Quote: Originally Posted by
Mr. Right
Balance is the key.
We should be taxing a stable sector instead of income.
If we were to tax sales. We'd wind up with a better way of predicting revenue. Plus you'd stop punishing productivity.
Would it? Are you absolutely sure?
Wouldn't we just then be taxing those who consume, and therefore wouldn't most people consume less than otherwise?
And with that collective decrease in consumption, wouldn't that slow down the economy?
And when the economy slowed, wouldn't capital lay off workers?
And when more workers were laid off, wouldn't that decrease their ability to consume collectively, further still?
Can you see the vicious circle
that radical shift in taxation policy might be creating?
Let me give a a small example of what I mean about consumption taxation hurting the commonweal.
Maine taxes some kinds of consumer goods that New Hampshire does not.
Guess what that means for stores close to the border between Maine and New Hampshire that sell those consumer goods?
Blowback...
That's the thing about economic theories and the policies that come from them:
For every collective action there's a million individual reactions that mitigate the efficacy of that collective action.
Now, I am
not completely dismissing your complaints about the policies we have today. There is a logic to the complain that taxing production taxes the productive and that logic is quite irrefutable.

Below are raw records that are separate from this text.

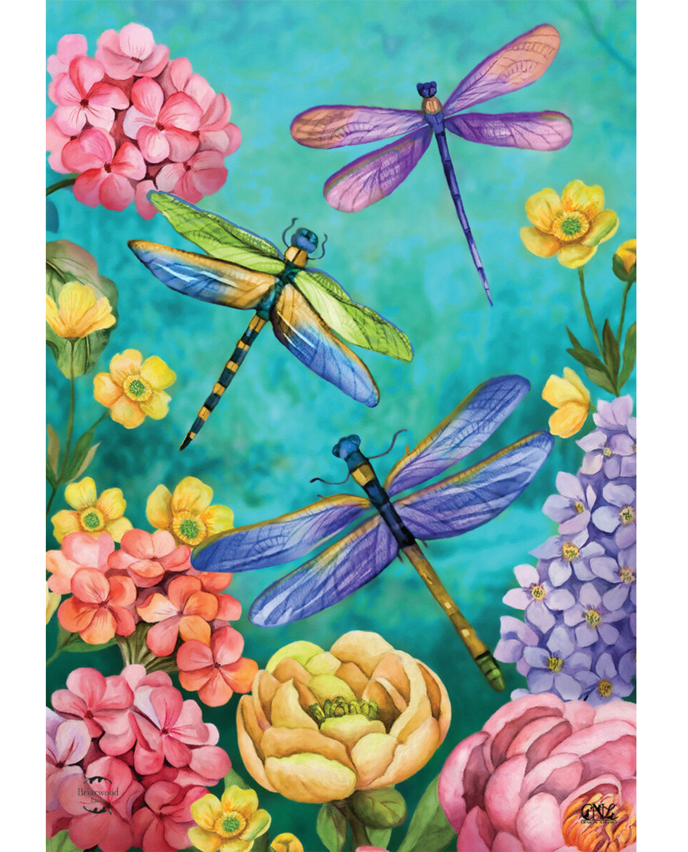 Bring your garden to life with this vibrant Dragonfly Garden Flag! Watch as three iridescent dragonflies dance around a burst of colorful blooms against a soothing blue-green backdrop. Perfect for adding a whimsical touch to your outdoor space, this cheerful flag celebrates nature's delicate beauty. Whether you're a garden enthusiast or simply love eye-catching décor, this playful design brings joy and movement to any yard or patio.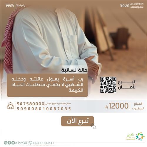 رب أسرة تعتصره ظروف الحياة يعول أسرته دخله الشهري لايكفي متطلبات الحياة الكريمة يحتاج دعمكم لدعم والتبرع للحالة عبر التحويل البنكي بمصرف الراجحي باسم جمعية البر الخيرية بالرفيعة SA7580000 509608010087035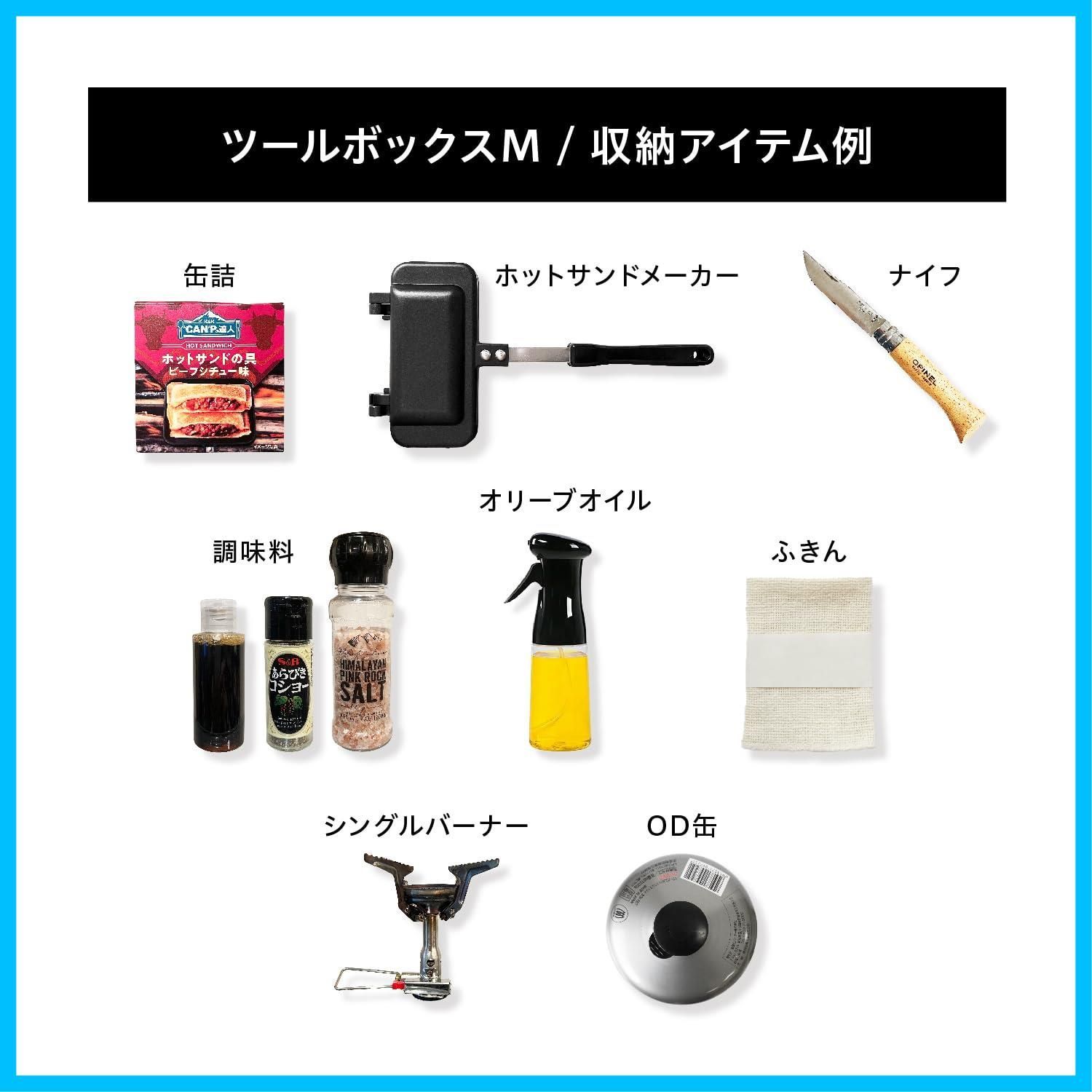 ・フラップ式のフタは中身が見やすくツールの出し入れも簡単なBOX型ケース。ハンマーやペグ、調味料など、収納するものに合わせて選べるサイズ展開。

But economics is the complex interaction of everyone combined.
People respond to the pressures that economic policies and taxation puts on them
personally.
Sometimes, their personaly responses (which become collective responses) work out to everyone's benefit, and sometimes they don't.
I am not convinced that a consumption-ONLY taxation system would serve the commonweal
especially well.
Convince me that my concerns are specious.